En 2017, Emmanuel Macron est élu président de la République. Son ancienne professeure de lettres devenue sa femme a vingt-cinq ans de plus que lui. Nous imaginons sans mal la détermination dont ils ont dû faire preuve pour résister à la pression de leurs familles respectives, à l’opprobre  des bigots et des moralisateurs d’une ville de province, aux silences éloquents de leurs entourages et aux ricanements de tout genre. A l’Elysée, un couple s’est installé et dit au monde que l’amour est un sentiment noble, fait de lucidité, de liberté et de responsabilité envers soi-même, qu’il s’affranchit de tout stéréotype et n’accepte pas les entraves de la bien-pensance.

Avec l’accès à la contraception de la loi Lucien Neuwirth, la légalisation de l’interruption volontaire de grossesse de la loi Simone Veil, les simplifications successives du divorce et la reconnaissance du  mariage des homosexuels,  l’esprit est sorti du cachot. Avec le couple Emmanuel et Brigitte Macron, c’est la vie réelle et sans hypocrisie qui se montre au grand jour sans assombrir la nôtre.

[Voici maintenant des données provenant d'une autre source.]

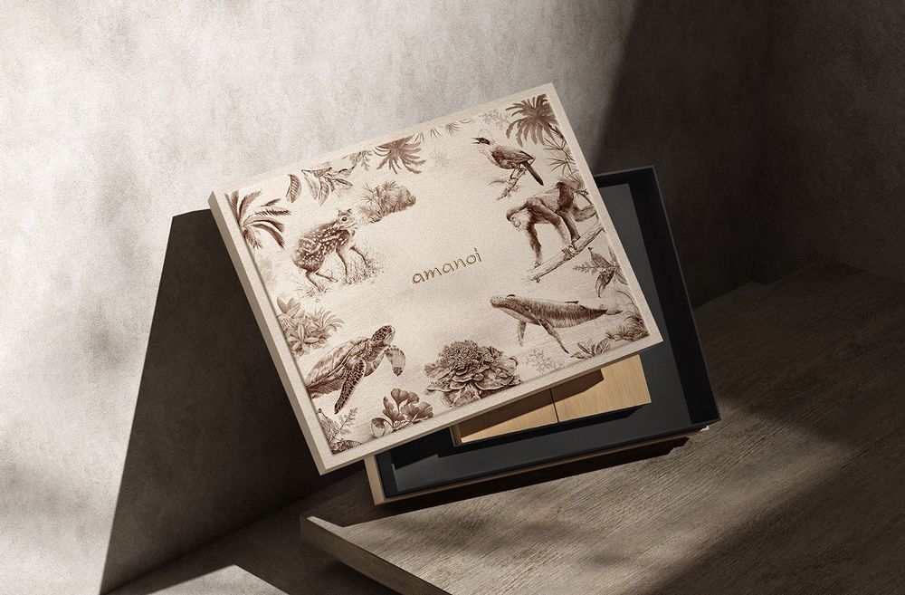 Amanoi đã chọn 6 loài động vật quý hiếm đại diện cho hệ sinh vật rừng và biển để thể hiện trên hộp bánh, bao gồm voọc chà vá chân đen, khướu đầu bạc và hươu chuột - đại diện cho sự đa dạng của các loài sống trên cạn và rùa biển xanh, cá voi xanh và san hô - đại diện cho vẻ đẹp của các loài sinh vật biển.
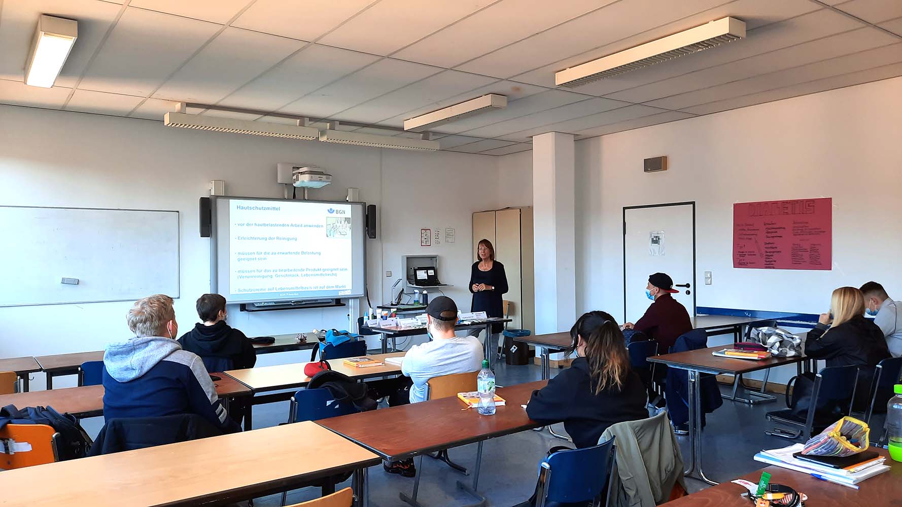 Über die Berufsgenossenschaft Nahrungsmittel und Gastgewerbe (BGN) konnten wir am 28.10. und 02.11.2021 für insgesamt fünf Klassen der Berufsschule und der Berufsfachschule (Fleischer/-innen, Fachverkäufer/-innen Fleisch und Lebensmitteltechnische Assistent/-innen) ein Seminar zum Thema Hautschutz in unserer Schule anbieten.
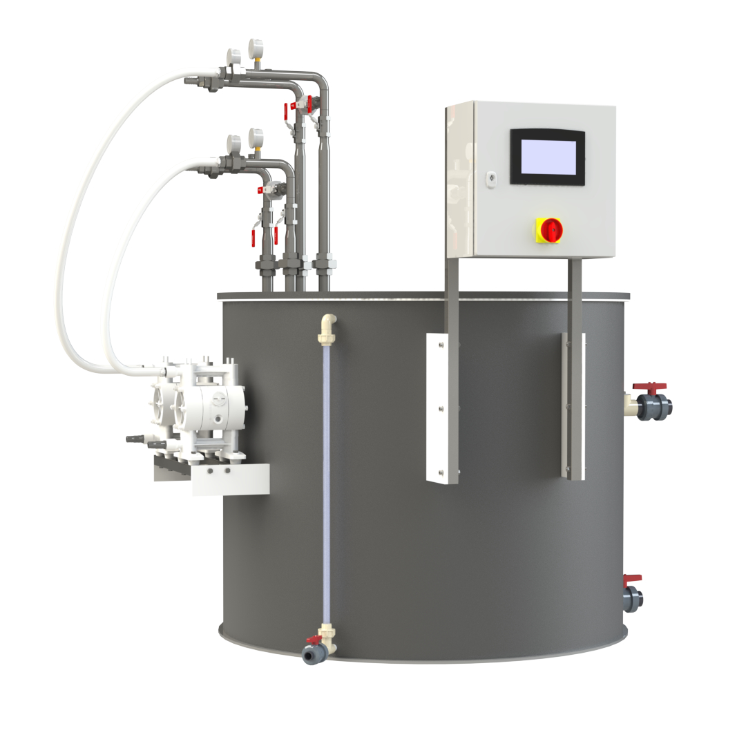 Az AquaCOOL SE-02 berendezés négy fő egységből épül fel. A hűtendő közeget szállító pneumatikus membrános adagolószivattyú(k)ból, a hőcserélő spirál(ok)ból, a hűtőtartályból, illetve a vezérlő egységből (Unitronics).
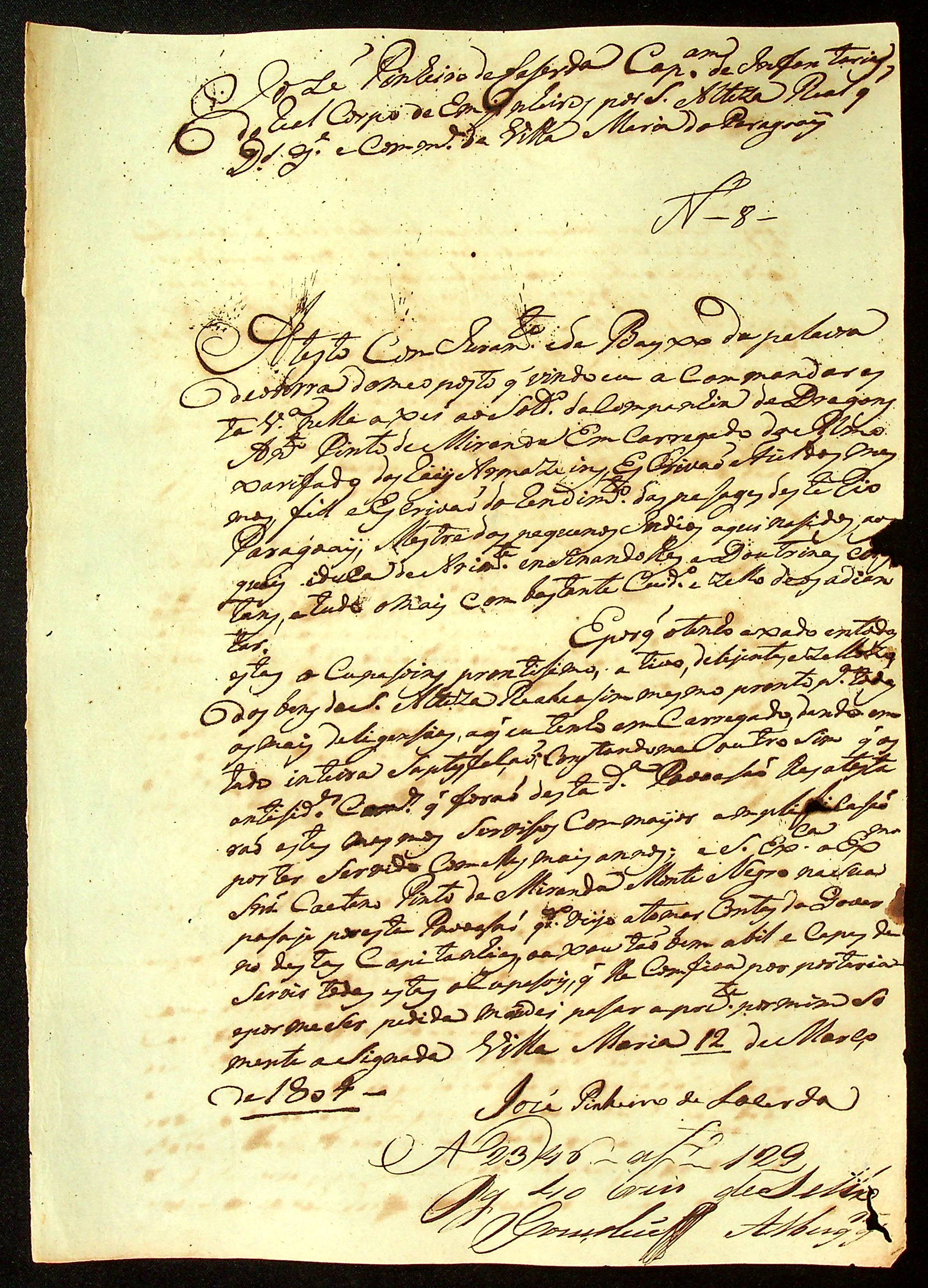 ATESTADO (conjunto) informando sobre o Soldado Dragão Antônio Pinto de Miranda.
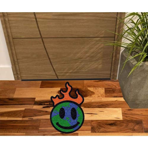 Tapete Capacho Vinil com fibras entrelaçadas e costado emborrachado com arte pinta em tinta vinílica especial.
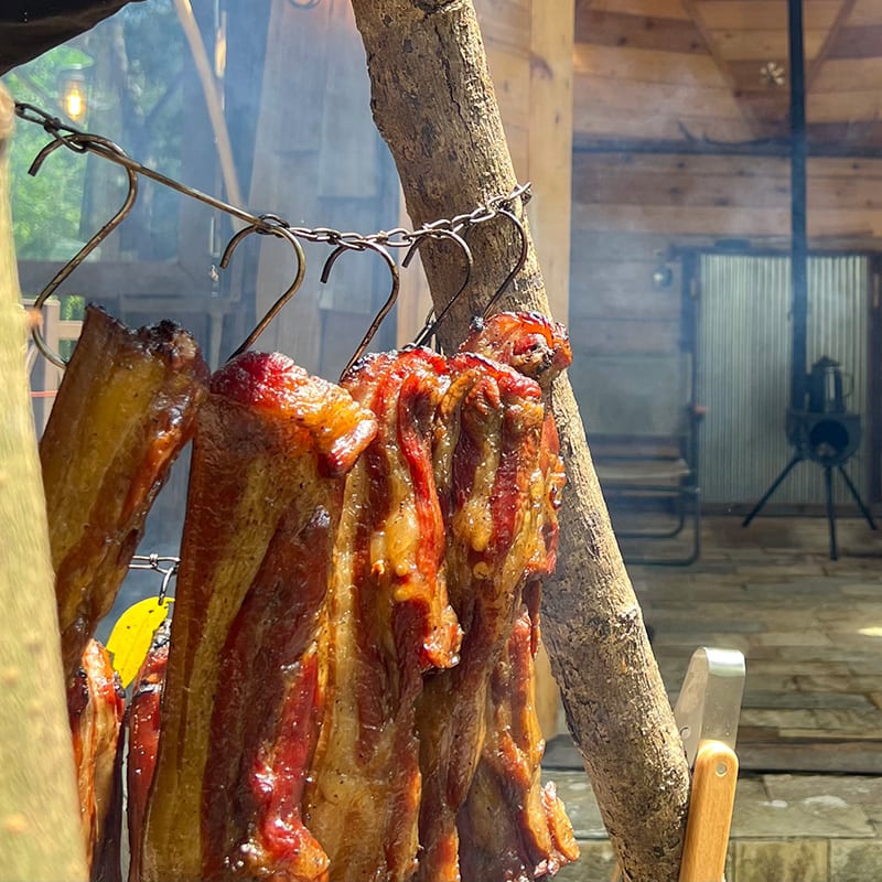 tent-Mark DESIGNSとのコラボギア「WORKERS OKAMOSHI」の生みの親でもある長野さんによる定番の焚火ベーコンに加え、今年はイノシシとシカのジビエベーコンも登場します。
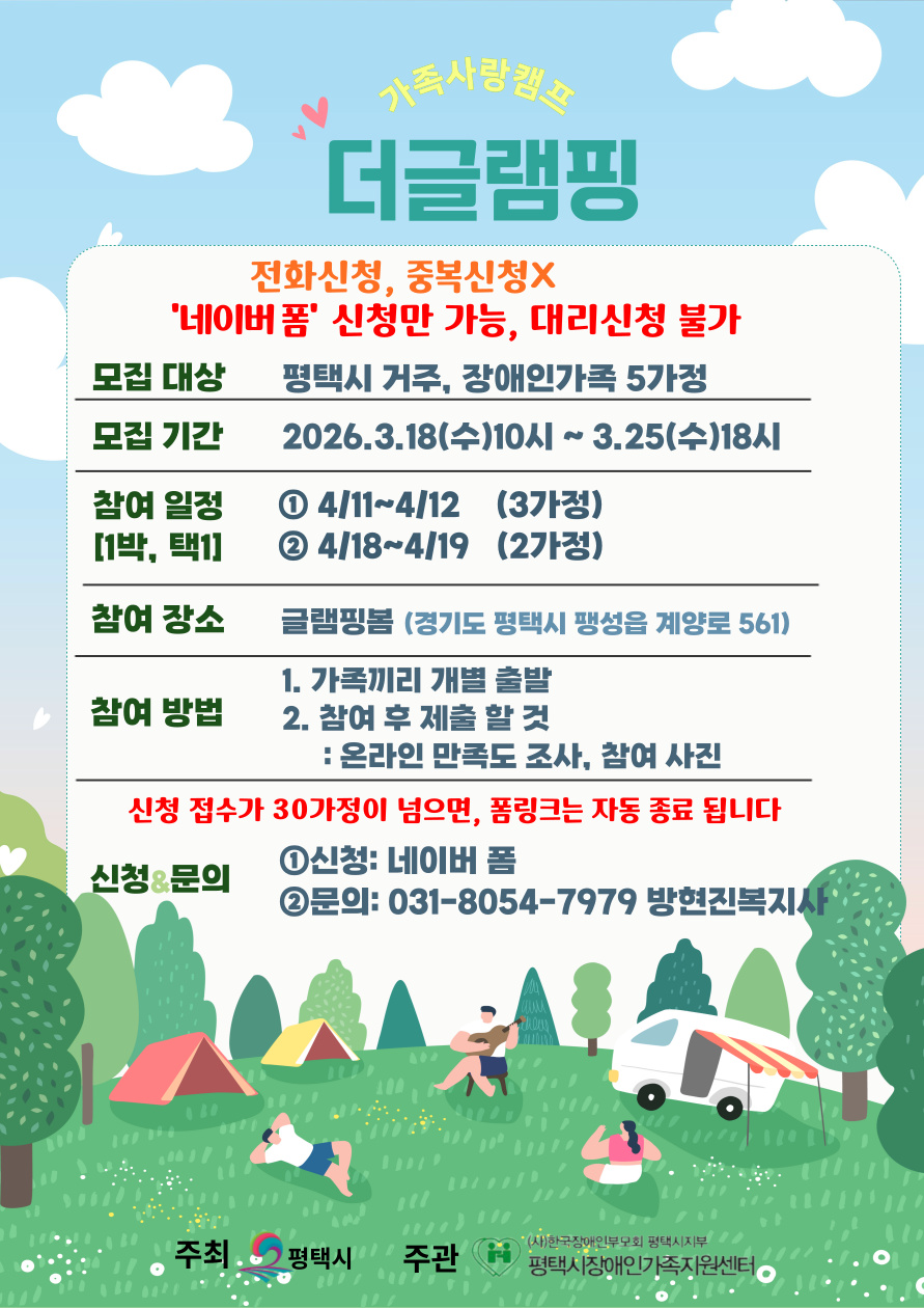 평택시 거주, 장애인 가족 20명(신규+기존)
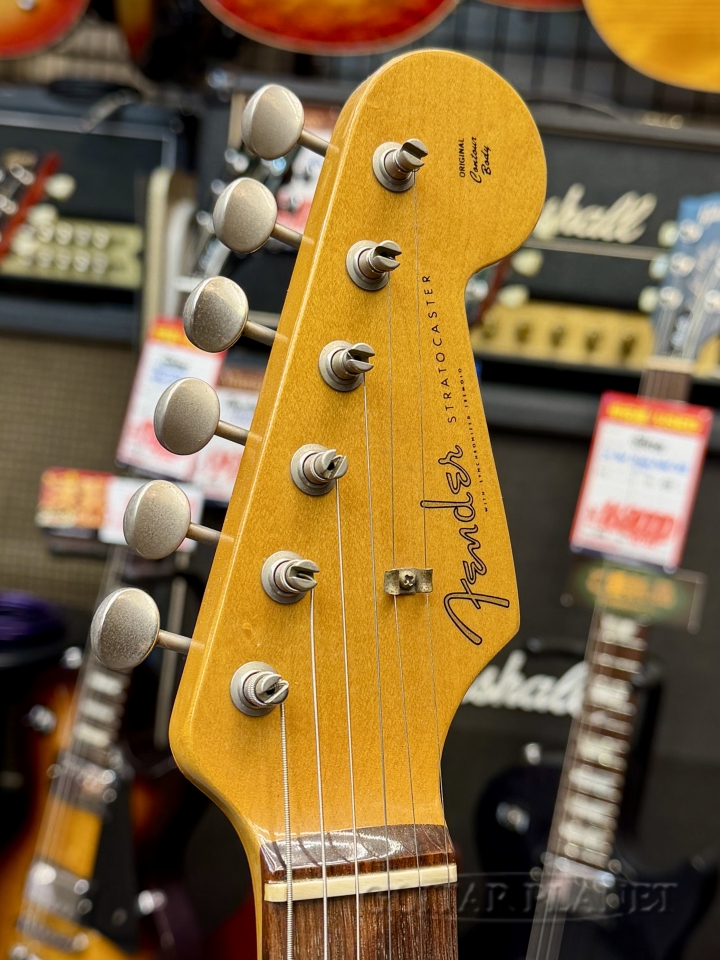 1962年スタイルのストラトキャスターの特徴である「スラブ貼りローズウッド指板」「11点止め3プライ・ピックガード」を再現しています。
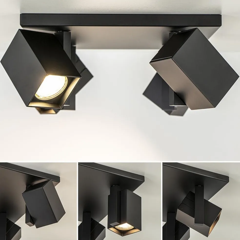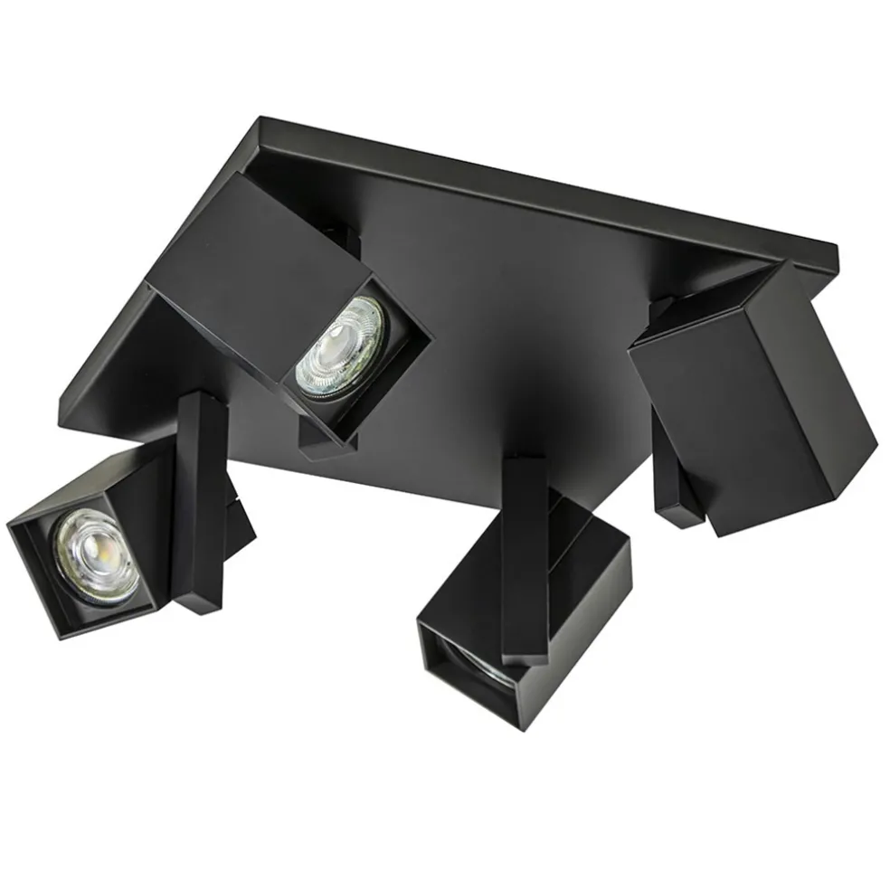 Strak van design en functioneel in gebruik. Deze vierkante opbouwspot is een unieke in zijn soort. Veelal zijn de spots rond maar deze is uitgevoerd in het vierkant/rechthoekig. De spots hebben een afmeting van 5,5×5,5 cm en is 8,5 cm hoog. De spots zijn bevestigd op een smal pootje. De rechthoekige spots kunnen kantelen en het pootje kan draaien. Zo kunt u de 4-lichts plafondlamp helemaal naar wens stellen. Ideaal voor in een woonkamer, keuken of slaapkamer. De vierkante plafondplaat maakt de lamp helemaal af. De moderne plafondspot wordt geleverd exclusief lichtbron.
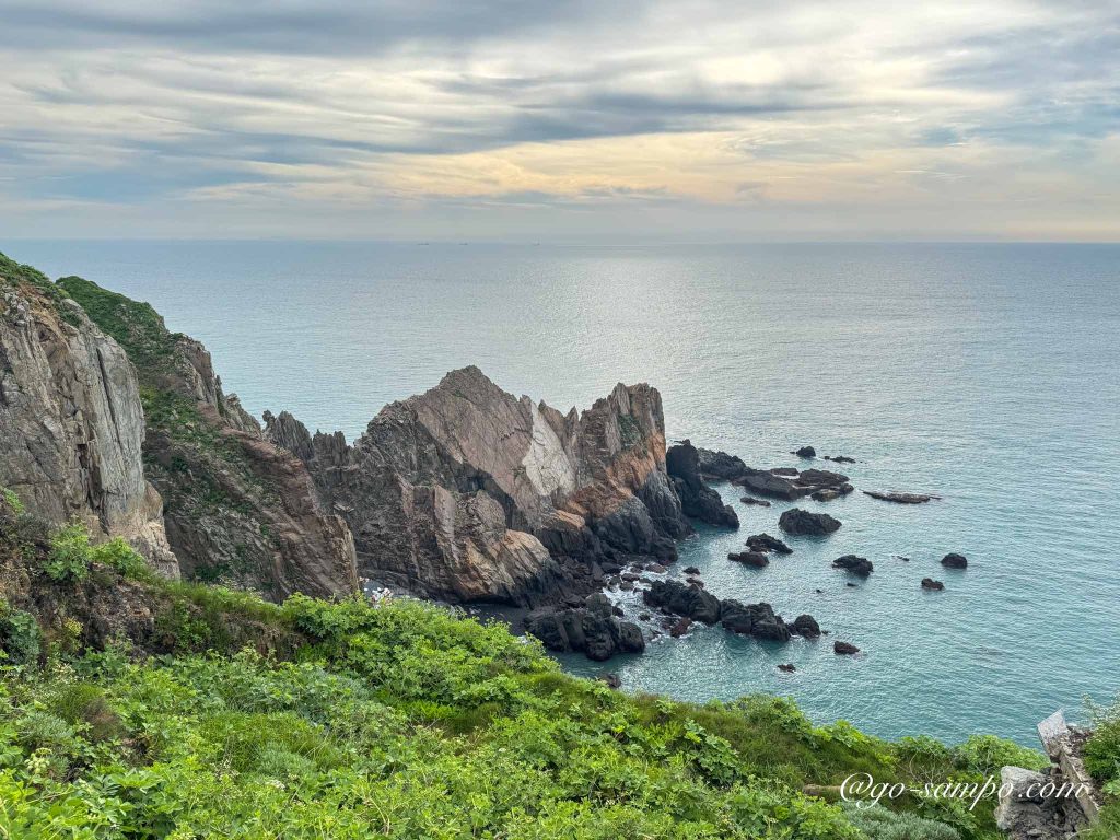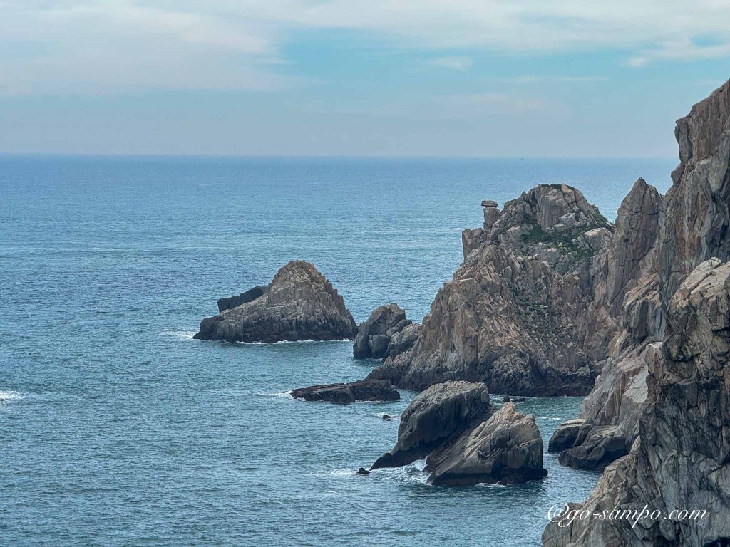 見る角度によって岩の表情が微妙に変わり、朝夕の光が当たる時間帯にはシルエットがよりはっきり浮かび上がります。荒々しい海と調和した自然の芸術品のような景観です。

Ne nous y trompons pas. Les gardiens  de l’ordre moral et de la pensée trop bien faite  ne désarment jamais et rêvent toujours  de revanche. Le terreau, sur lequel ils essaient toujours de faire pousser leurs pensées vénéneuses, est  toujours fertile. Quand les arguments contre la politique du président Macron ne trouvent plus force et consistance, ce sont les arguments nauséabonds sur sa vie privée qui prennent le relai. Non pas dans la presse ou dans les média, le plus souvent dans les conversations de comptoir ou de table. Plus surprenant encore. Défendre la vie privée d’un couple ou même simplement ne pas le désavouer dans ce qu’il a d’atypique est vite assimilé à une forme insidieuse ou dissimulée d’approbation de la politique d’un président.

Il me plait dans cette petite chronique de rassembler trois couples. Il me plait que l’histoire de Jean-Luc et d’Anne (dont j’ai volontairement changé les prénoms) et celle d’Emmanuel Macron et Brigitte Trogneux-Macron encadrent  ce dont nous  nous souvenons de Gabriel Russier et de Christian Rossi.